The LearnToLive’s Indonesian Health Initiative 2013 has finished and was an even greater success than we’d hoped. All of our amazing crew is either safely back home, on to new adventures, or scouting ahead for the new locations LearnToLive is going to expand into. Looking back on what we did in just three short weeks it’s a testament to the skill and dedication of our crew that we accomplished so much.
We saw over a thousand patients in our health clinics, and with a medical team almost double the size of last year we were able to spend more time working with each of our patients, and deliver more comprehensive health education to the communities. We expanded our preventative health education program by teaching local children about the importance of handwashing and how to build a handwashing station out of discarded plastic bottles.
In addition to expanding the clinics in our target villages of Sapa, Beringin, Likupang, and Bunaken, we expanded onto the remote island of Siladen, a community of one hundred families that has no access to health care of clean drinking water.
We also for the first time had patients in our Likupang clinics that had heard of our clinics and had come from the surrounding islands with their children on boats to get help. We’re hoping to expand our clinics onto these islands in the coming years, and will be scouting them in the coming months.
One of the biggest accomplishments of all was the implementation of LTL’s Rain Water Catchment System at the local school in Sapa put in by the LTL Clean Water Team, headed by Mara Lepere-Schloop and joined this year by Australian water engineer Jack Timmins. The team worked with the school children and local community members to build a surprisingly simple system to catch, store, and treat rainwater into clean drinking water for the school children.
The design of the system, co designed by Mara and Abigail Feldman, is made to be simple and cost effective enough that the local people can copy and make their own versions of it at home. LTL also implemented its Water is Life education program, taught by Karel Turang, which taught all the students of Sapa about rain water, clean water, and how the rain water catchment system works, and how they can build their own at home.
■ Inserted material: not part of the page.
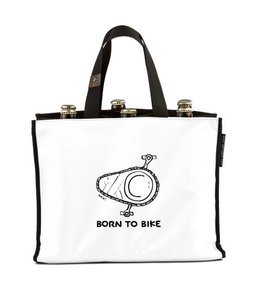 BEER CARRIER - bag for beer with design 1074 BORN TO BIKE in color WHITE

Prior to this system, the parents of the school children were spending upwards of twenty five percent of their already precious household income on drinking water, and when often they could not afford it would have to resort to drinking the brackish or dirty well water they had access to. Our aim is to not only have provided a source of clean drinking water for the community, we have provided the knowledge and ability to a community to provide clean drinking water for themselves.
Our three college students that joined the trip, Michael, Claire, and Cooper proved themselves to be valuable members of the team, and had an adventure of a lifetime. Some of our translators were also from the college in Tomohon, and as always our translators went above and beyond their roles to make such an important contribution to our team. Their tireless work ethic and engaging, empathetic attitudes contributed so much to the work we did in our clinics.
Besides just expanding the number of Australian and American doctors and nurses that we had on the trip, we were also joined by several new Indonesian doctors and nurses, brought on by our Chief Indonesian Doctor Levie Golioth. Our Indonesian crew brought valuable local expertise to our project and it was inspiring to have our Western and Indonesian doctors working together and learning from each other.
It speaks to the very heart of what we do at LearnToLive, which is more than just clean water, healthcare, and education. It’s also about the exchange of cultures and ideas, and people interacting who might otherwise not and gaining a better understanding of the world and how similar we all really are. Levie and our other Indonesian friends are now taking up the banner of LearnToLive Indonesia to provide round the year follow up with our patients and to continually provide care for those that need it.
2013 is turning into a banner year for LearnToLive, and will be remembered by us as the year all our projects really started in full force. Our Indonesian Health Initiative was an even bigger success than last year, and we laid the groundwork to expand it even more next year.
The Clean Water project implemented the first of it’s rainwater catchment systems, proving that the model is effective, and that we can teach by example how people can build more in other communities.
Thanks again to our amazing crew of doctors, nurses, students, translators, filmmakers, artist in residence, coordinators, and support staff, everyone proved themselves to be an invaluable and passionate team member again. The world is lucky to have individuals such as yourselves.